The retaining attorney will rely on the expert witness to provide the information necessary to comply with the discovery rules. There are three general classes of information the expert may need to compile:

  1. Case-specific testing data and materials.
  2. Individual qualifications.
  3. Information regarding agency operation and practice.

Case-specific information may include:

  • Reports.
  • Lab testing notes.
  • Chain of custody logs.
  • Phone logs.
  • Testing data.
  • Testing procedural information.
  • Secondary reviewer identification and notes.
  • Any other information normally contained in the case file.

Individual qualifications are normally found in the expert's curriculum vitae (CV). Experts should ensure that their CV is current and accurate.

A discovery request may include items pertaining to a lab, a university, or employer documents.
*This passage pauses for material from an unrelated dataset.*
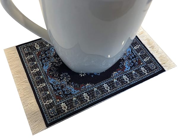 - Carpet Coasters, Set of 4 Turkish Rug Style Table Drink mats, Absorbent Kitchen and Dining Accessories, Spill & drip Protection, Rectangular offers reliable performance and quality- FUNCTION MEETS STYLE. Take your tabletop decor on a flying magic carpet ride with our SET OF 4 CUP COASTERS! Our carpet coasters are mini versions of authentic Oriental rugs and are completed with real white fringes on the sides to complement your table setting!

Agency background information normally includes:   

  • Agency policies and procedures manuals.
  • Accreditation requirements, documentation and their status.
  • Guideline compliance in particular disciplines (e.g., Scientific Working Groups in forensic science, such as SWGMAT, SWGDAM).
  • Equipment used and relevant maintenance logs, calibration logs, quality assurance procedures and related logs.
  • Quality control protocols and their related logs.
  • Identification of external components used during testing (e.g., sexual assault kits, reagents, chemicals).
  • Proficiency standards.
  • Testing and results.
  • Industry standard inspections and results.
  • Proficiency test results.
  • Complaints.
  • Internal investigations.
  • Conformance with discipline guidelines.
  • Listing or explanation of requested documents not to be released by the lab.
  • Reference to a standard discovery request (e.g., CD, sample request).